Villanueva and his son slowed to take in the scene. For some reason, the man caught Nick staring at him.

“What you looking at?” he asked Nick. His voice was menacing. “I asked you a question.” Nick was speechless.

Villanueva walked through the circle of onlookers until he was standing in front of the man. When Nick realized what his father was doing, he regained his voice and called after him.

“Dad.” Too late.

The woman and man both looked surprised when they saw Villanueva appear at their sides. Her cheek was red and swelling.

“Who the fuck you think you are, fat man?” the man asked Villanueva.

“She wants to go. Let her go.” Villanueva said. He sounded as though he was explaining the most reasonable thing in the world.

“I get it, you think you’re Dr. Phil and shit. I have been itching to kick some ass.”

The woman looked panicked.
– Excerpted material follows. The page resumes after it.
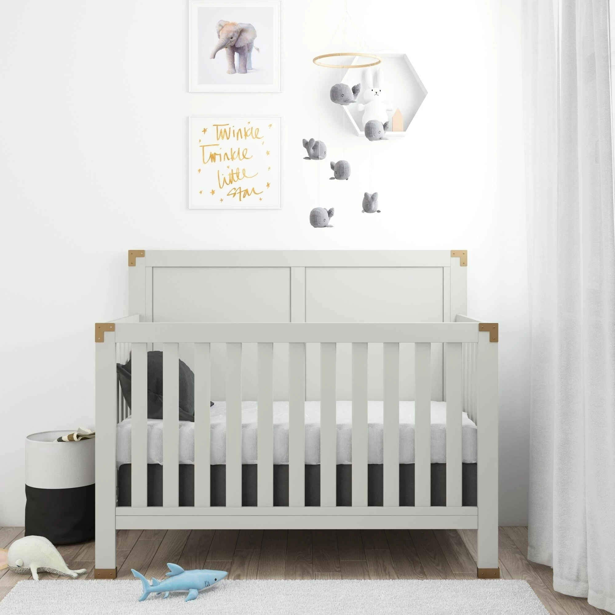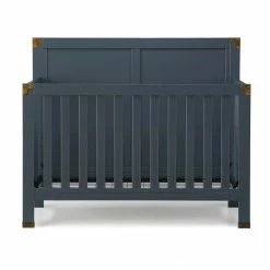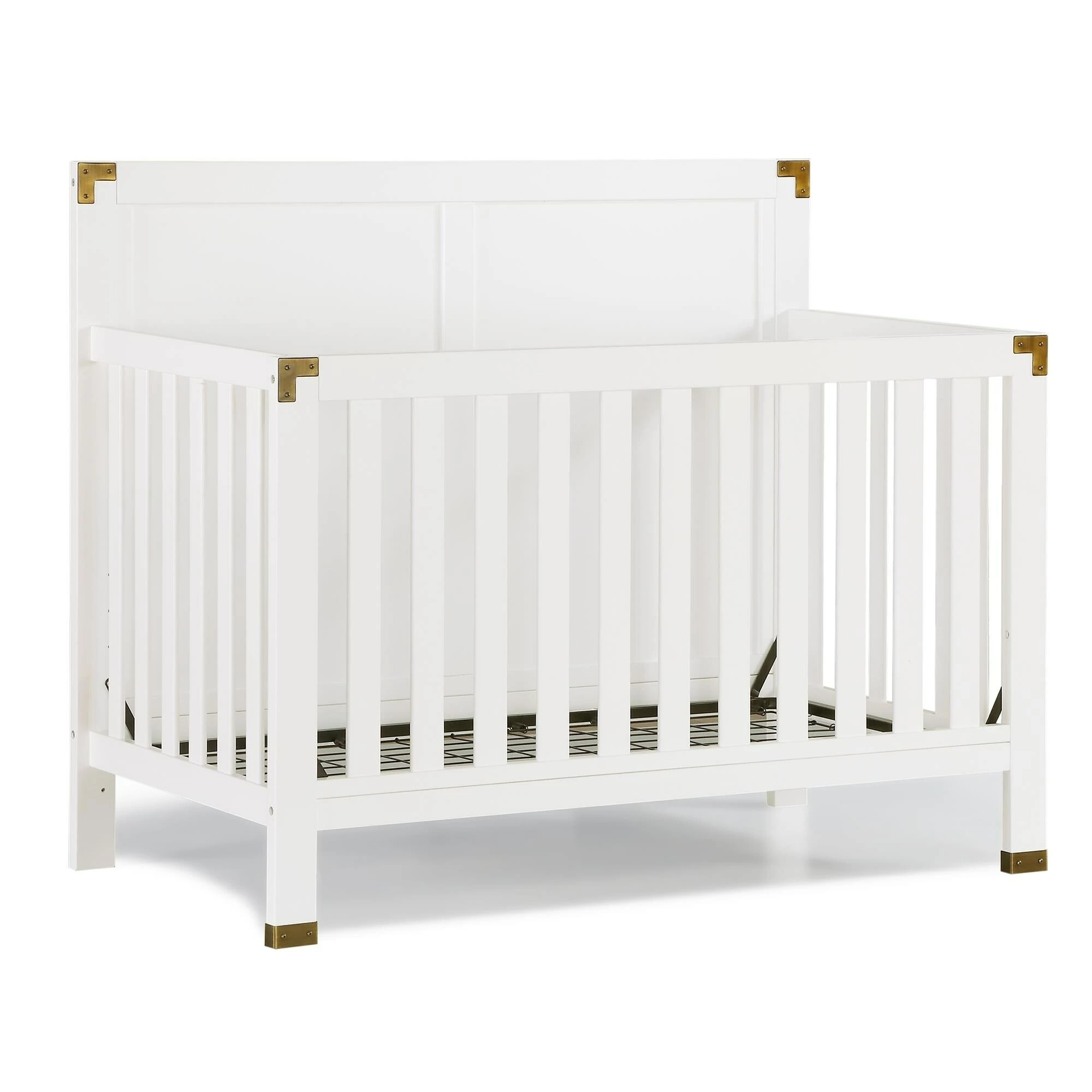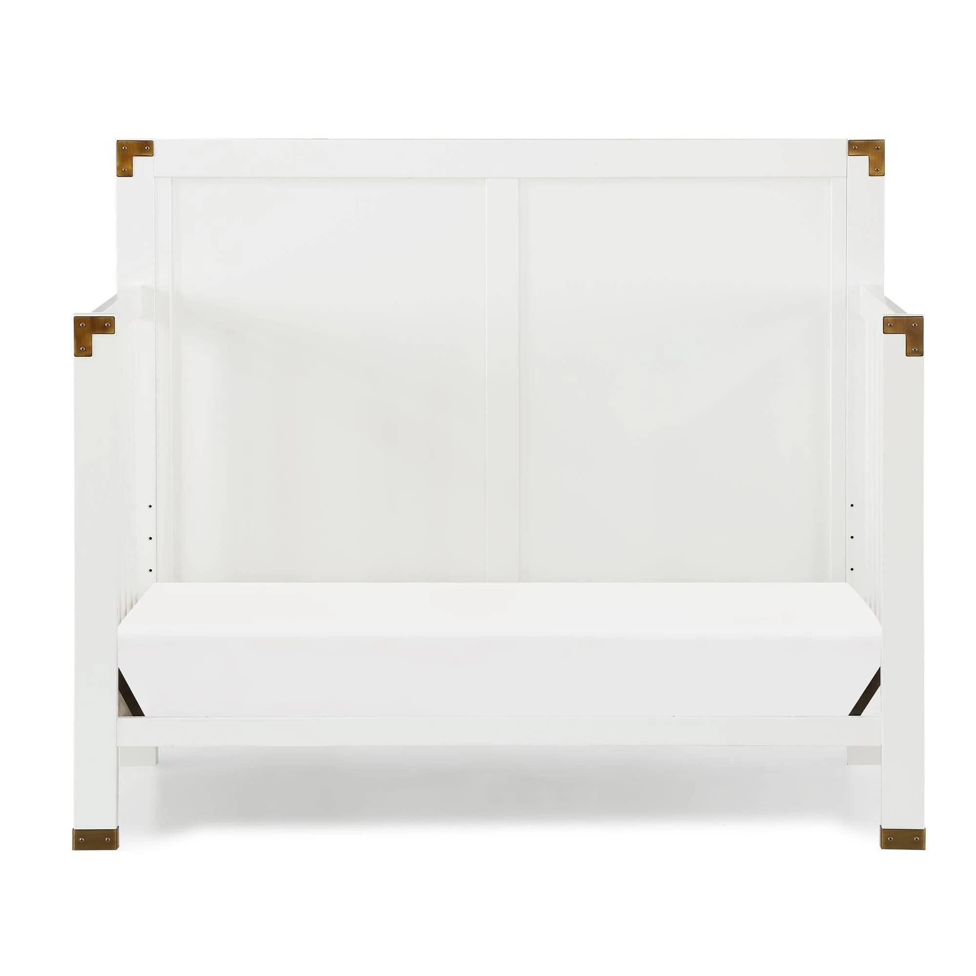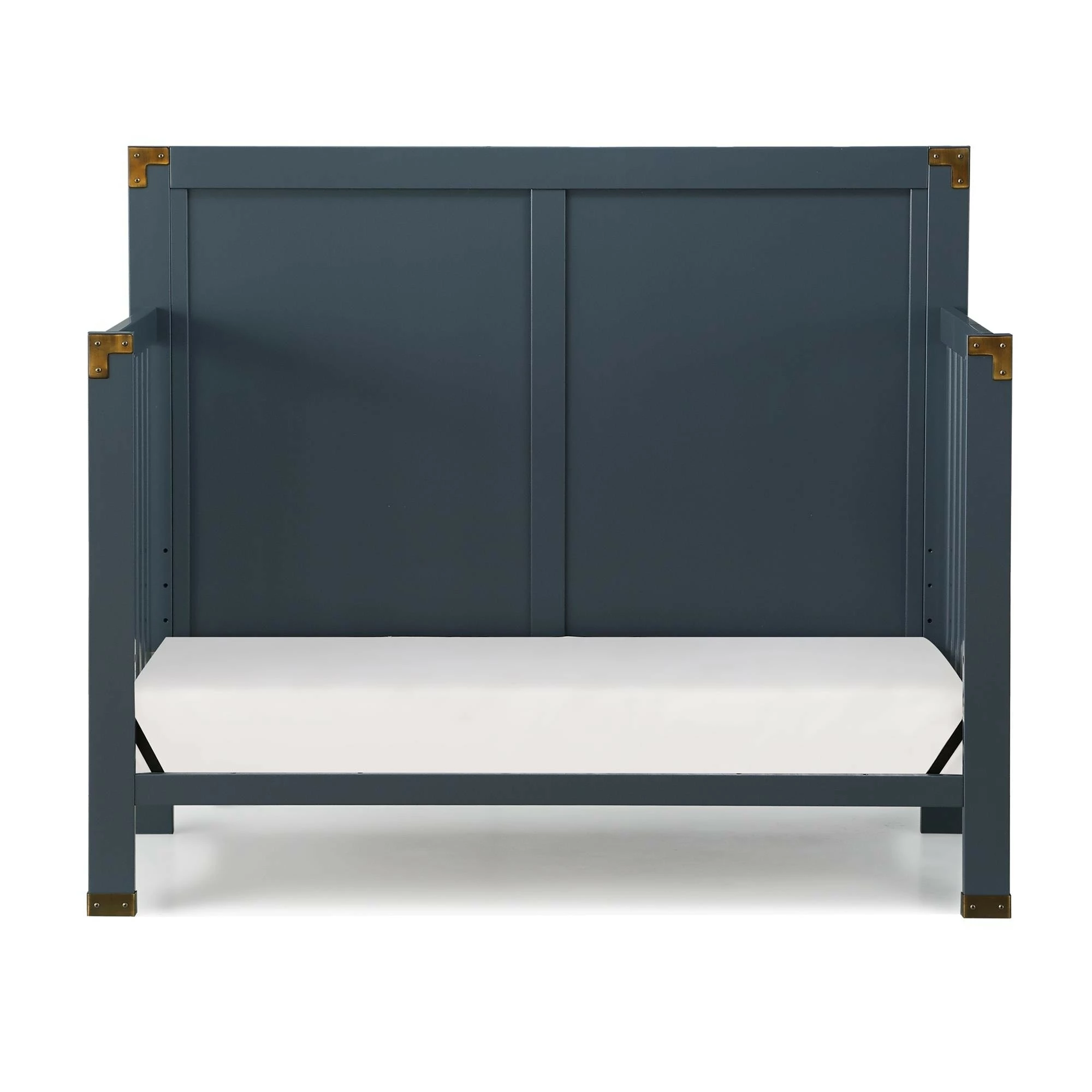 Create a space that is fun and sophisticated with the delightful Jordan 5-in-1 Convertible Crib by Avenue Greene. Combining campaign and modern style, this charismatic crib is crafted with a sturdy wood construction and features a full panel headboard, vertical slats footboard and simple post style legs. Sleek and safe, this crib comes equipped with four mattress positions that allow you to adjust the height of the platform as your child grows. When your child is ready, the Jordan conveniently converts from a crib to a daybed, toddler bed and finally a full size bed. From functionality also sprang great design with modern features such as clean lines, a fresh classic white, graphite grey or graphite blue finish, and campaign style inspired aged brass decor metal plates that accent the corners of both the headboard and footboard. Combine the Jordan 5-in-1 Convertible Crib with the rest of the Avenue Greene Jordan collection to design a playfully sophisticated nursery room that will live, move and grow alongside your child.

She turned to Villanueva, “You best bugger out. He whacked.”

“You want to go,” Villanueva said to her. “Go.” With that, he stepped between the stunned couple, looking the man in the eye. His girlfriend, if that’s who she was, stared for a second and then turned and started walking away fast. After she’d passed the onlookers, she broke into a run. She didn’t look back.

The man glared at Villanueva. His jaw muscles bunched.

“You want to get all in my business, motherfucker,” he said. “I should cap your ass right here.”

With that, he swept back his fatigue jacket and put his hand on the barrel of a pistol.

“Dad, come on,” Nick pleaded from the periphery. He was so scared he had tears in his eyes.

There was a
whoop, whoop
from a police car, and the flashing lights of the cruiser started dancing across the scene. The man removed his hand from his gun and punched Villanueva hard in the chest. Villanueva had braced himself for the blow, which was a lot like a defensive lineman trying to bust through the line. He didn’t budge. The man looked at Villanueva, incredulous, doing his malevolent best to look threatening but clearly unnerved. Villanueva stared back.

“All right, let’s break it up.”

As the patrolman approached, the man broke off his stare and stalked off. Villanueva watched him for a moment and then found Nick in the dispersing crowd.